AVAILABLE DATA:
'''
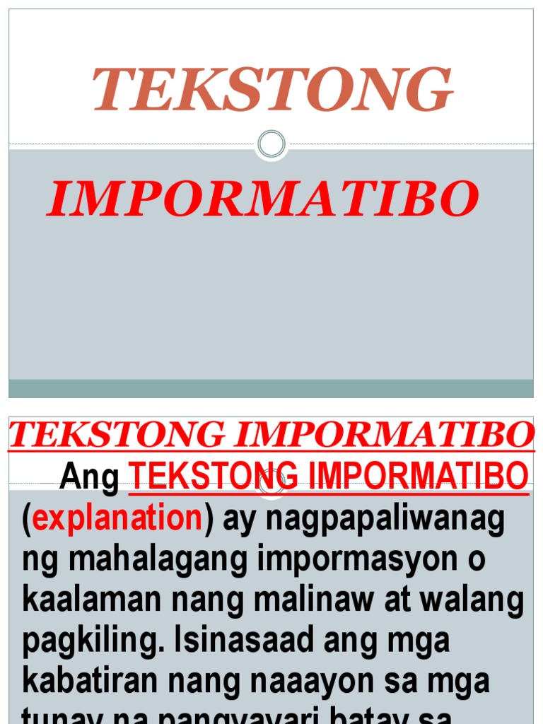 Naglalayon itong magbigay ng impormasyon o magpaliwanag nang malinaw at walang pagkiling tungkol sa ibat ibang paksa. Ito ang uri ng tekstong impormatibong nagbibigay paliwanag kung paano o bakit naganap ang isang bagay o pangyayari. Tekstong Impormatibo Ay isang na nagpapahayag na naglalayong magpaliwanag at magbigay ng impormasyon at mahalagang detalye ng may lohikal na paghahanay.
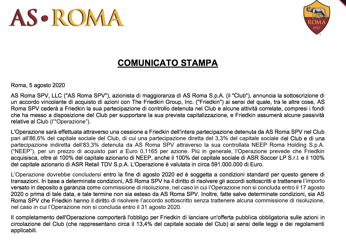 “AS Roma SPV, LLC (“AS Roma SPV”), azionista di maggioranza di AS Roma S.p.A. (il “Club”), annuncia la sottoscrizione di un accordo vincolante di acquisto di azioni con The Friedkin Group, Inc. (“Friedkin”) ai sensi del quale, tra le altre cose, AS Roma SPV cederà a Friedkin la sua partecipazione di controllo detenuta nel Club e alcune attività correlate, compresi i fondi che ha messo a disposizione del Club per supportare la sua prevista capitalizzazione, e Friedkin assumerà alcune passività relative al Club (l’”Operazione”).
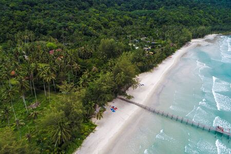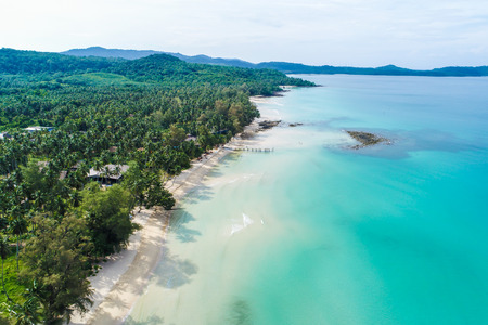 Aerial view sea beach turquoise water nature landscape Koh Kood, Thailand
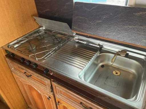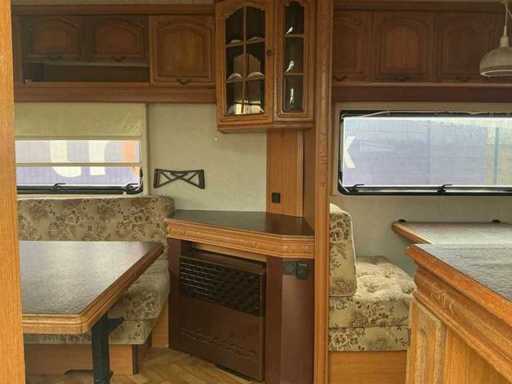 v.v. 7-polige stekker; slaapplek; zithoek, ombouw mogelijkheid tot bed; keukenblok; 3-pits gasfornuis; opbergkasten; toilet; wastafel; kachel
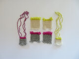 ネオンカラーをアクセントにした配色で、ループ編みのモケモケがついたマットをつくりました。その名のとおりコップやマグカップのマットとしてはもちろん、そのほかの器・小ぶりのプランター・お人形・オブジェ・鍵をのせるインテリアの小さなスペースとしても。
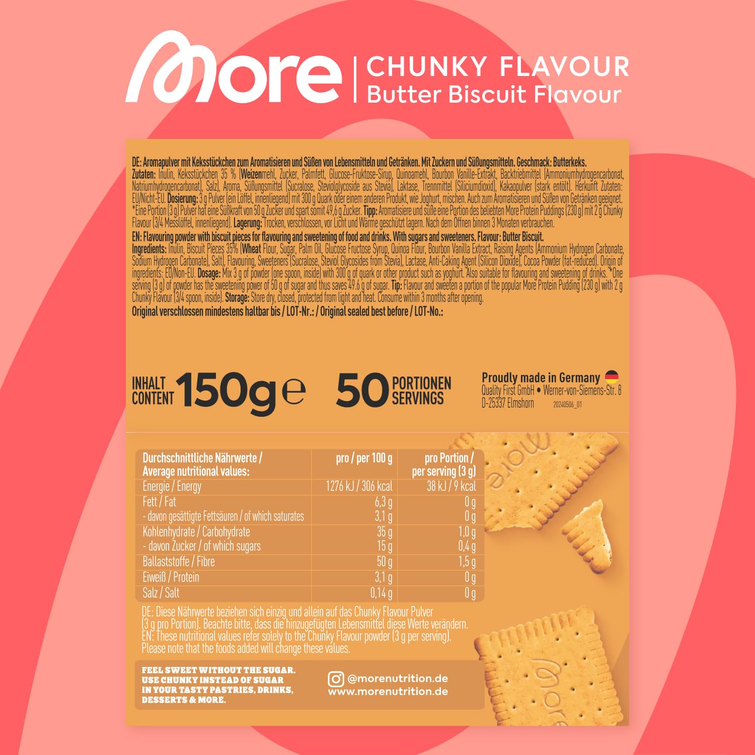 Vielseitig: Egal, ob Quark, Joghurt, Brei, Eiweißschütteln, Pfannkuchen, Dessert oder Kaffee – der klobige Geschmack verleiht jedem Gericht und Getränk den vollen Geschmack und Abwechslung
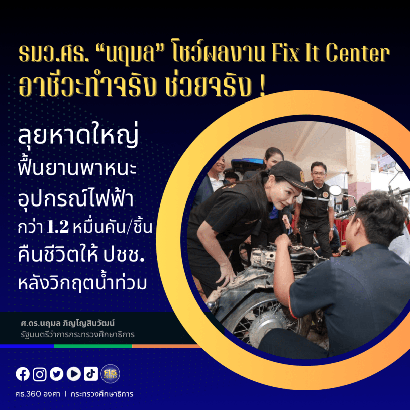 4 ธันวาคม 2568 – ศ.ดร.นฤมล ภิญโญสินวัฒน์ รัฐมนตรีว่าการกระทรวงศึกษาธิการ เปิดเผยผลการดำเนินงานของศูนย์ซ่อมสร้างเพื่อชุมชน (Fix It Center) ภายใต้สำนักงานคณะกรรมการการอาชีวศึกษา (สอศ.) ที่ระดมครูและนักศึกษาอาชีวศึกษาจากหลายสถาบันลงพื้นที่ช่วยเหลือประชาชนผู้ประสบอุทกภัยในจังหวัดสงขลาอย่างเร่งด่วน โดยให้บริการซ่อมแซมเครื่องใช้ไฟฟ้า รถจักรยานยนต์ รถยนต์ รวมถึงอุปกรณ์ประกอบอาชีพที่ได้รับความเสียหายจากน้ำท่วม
'''
EXERCISE: A faithful, complete copy of the records above is required, one that contains no pictures.

TASK RESPONSE:
 Naglalayon itong magbigay ng impormasyon o magpaliwanag nang malinaw at walang pagkiling tungkol sa ibat ibang paksa. Ito ang uri ng tekstong impormatibong nagbibigay paliwanag kung paano o bakit naganap ang isang bagay o pangyayari. Tekstong Impormatibo Ay isang na nagpapahayag na naglalayong magpaliwanag at magbigay ng impormasyon at mahalagang detalye ng may lohikal na paghahanay.
 “AS Roma SPV, LLC (“AS Roma SPV”), azionista di maggioranza di AS Roma S.p.A. (il “Club”), annuncia la sottoscrizione di un accordo vincolante di acquisto di azioni con The Friedkin Group, Inc. (“Friedkin”) ai sensi del quale, tra le altre cose, AS Roma SPV cederà a Friedkin la sua partecipazione di controllo detenuta nel Club e alcune attività correlate, compresi i fondi che ha messo a disposizione del Club per supportare la sua prevista capitalizzazione, e Friedkin assumerà alcune passività relative al Club (l’”Operazione”).
 Aerial view sea beach turquoise water nature landscape Koh Kood, Thailand
 v.v. 7-polige stekker; slaapplek; zithoek, ombouw mogelijkheid tot bed; keukenblok; 3-pits gasfornuis; opbergkasten; toilet; wastafel; kachel
 ネオンカラーをアクセントにした配色で、ループ編みのモケモケがついたマットをつくりました。その名のとおりコップやマグカップのマットとしてはもちろん、そのほかの器・小ぶりのプランター・お人形・オブジェ・鍵をのせるインテリアの小さなスペースとしても。
 Vielseitig: Egal, ob Quark, Joghurt, Brei, Eiweißschütteln, Pfannkuchen, Dessert oder Kaffee – der klobige Geschmack verleiht jedem Gericht und Getränk den vollen Geschmack und Abwechslung
 4 ธันวาคม 2568 – ศ.ดร.นฤมล ภิญโญสินวัฒน์ รัฐมนตรีว่าการกระทรวงศึกษาธิการ เปิดเผยผลการดำเนินงานของศูนย์ซ่อมสร้างเพื่อชุมชน (Fix It Center) ภายใต้สำนักงานคณะกรรมการการอาชีวศึกษา (สอศ.) ที่ระดมครูและนักศึกษาอาชีวศึกษาจากหลายสถาบันลงพื้นที่ช่วยเหลือประชาชนผู้ประสบอุทกภัยในจังหวัดสงขลาอย่างเร่งด่วน โดยให้บริการซ่อมแซมเครื่องใช้ไฟฟ้า รถจักรยานยนต์ รถยนต์ รวมถึงอุปกรณ์ประกอบอาชีพที่ได้รับความเสียหายจากน้ำท่วม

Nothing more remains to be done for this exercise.